В Пиндечуань Лихарин добрался на автомашине. Весь разбитый многочасовой тряской, он с трудом дождался приема у начальника местного гарнизона и только после беседы с ним отправился в отведенную для жилья комнату.

Однако по-настоящему отдохнуть не пришлось. Несмотря на позднее время, его пригласили отужинать у маршала. Адъютант Фын Юйсяна генерал-майор Тан Юлинь, одетый в костюм офицера личной гвардии, беседовал в приемной маршала с другими приглашенными. Их было двое. Тан кивком головы предложил Сергею сесть и, закончив разговор, ушел для доклада. Вскоре он вернулся и сначала пригласил пройти в находившуюся рядом гостинную тех двоих, а затем и «господина корреспондента».
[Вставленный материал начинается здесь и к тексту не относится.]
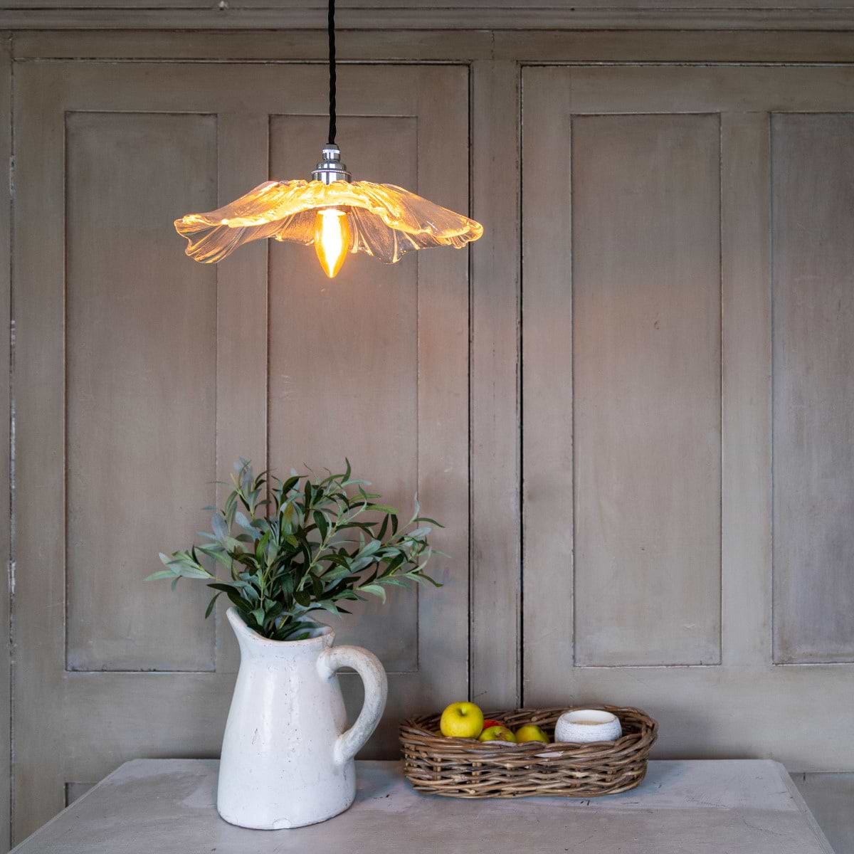 For those who love an Art Deco aesthetic, the Organic Fleur Pendant is a nod to that period, its intricate glass shade inspired by a beautiful bloom. This fluid shape, like the petals of an open flower, will bring a decorative charm to your interior. Each pendant comes with a beautifully manufactured bulb holder from S Lilley & Son Ltd.
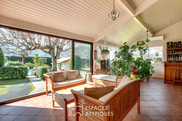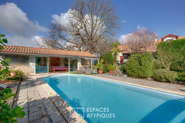 This large Basque Country house with over 450 sqm of usable space is much more than just a residence: it is a true family home, passed down from generation to generation. It awaits owners who will appreciate its unique charm, its rich history, and its development potential. Upon entering, you will be welcomed into a spacious reception room that leads seamlessly to the living room with fireplace. This central room invites relaxation and shared moments with family or friends. To the left of the entrance, you will discover the fully equipped and fitted kitchen-diner offering all the necessary comforts to prepare delicious meals to share in the large adjoining veranda, directly connected to the wooded garden and the swimming pool. A large bedroom with a dressing room, a spacious bathroom equipped with a bathtub and a shower, a toilet and a laundry room, as well as a separate two-room apartment, comprising a bedroom, a living room with fireplace, a kitchen, and a shower room, ideal for guests or for rental use, complete the ground floor. By taking the staircase, you will access the upper floor where there are two additional bedrooms as well as a mezzanine. Behind a door, there is a large additional living room offering a charming relaxation area or library-office. Two other bedrooms with a bathroom and a toilet are accessible by a separate entrance which complete this floor, perfect for accommodating a large family or guests. Adjoining the building, a former stable of approximately 140 sqm on two levels offers incredible potential for development or renovation projects. It is also possible to acquire more land as well as the antique furniture that furnishes the interior. In this idyllic setting, the view from the house is splendid, with the hills of the Basque Country and the Mondarrain as a backdrop. The large swimming pool and its pool house invite you to moments of conviviality. On the west side, you can admire a distant view of the Ocean, adding a touch of serenity to this magical place. Located in the heart of the Basque Country, this house is less than half an hour from Bayonne and Biarritz, in the region of the famous Espelette pepper. You'll enjoy the tranquility of the countryside while being close to amenities and tourist attractions.

При входе гостей встречали маршал и его супруга. Высокий, стройный, одетый в полувоенный костюм Фын Юйсян тихим голосом осведомился о самочувствии прибывших и, пожимая руку, задал несколько традиционных вопросов этикета. Сергей знал, что маршалу 45 лет, но тот выглядел гораздо моложе. Чисто выбритое лицо наряду с обычной светской любезностью отражало кажущееся простодушие хозяина, и в этом была немалая привлекательность. В коротко остриженных волосах Фын Юйсяна густой россыпью поблескивала седина. Жена маршала, маленькая женщина лет тридцати, едва доставала мужу до плеча. Аккуратные очки делали ее лицо чуть-чуть строгим и придавали ему одухотворенность.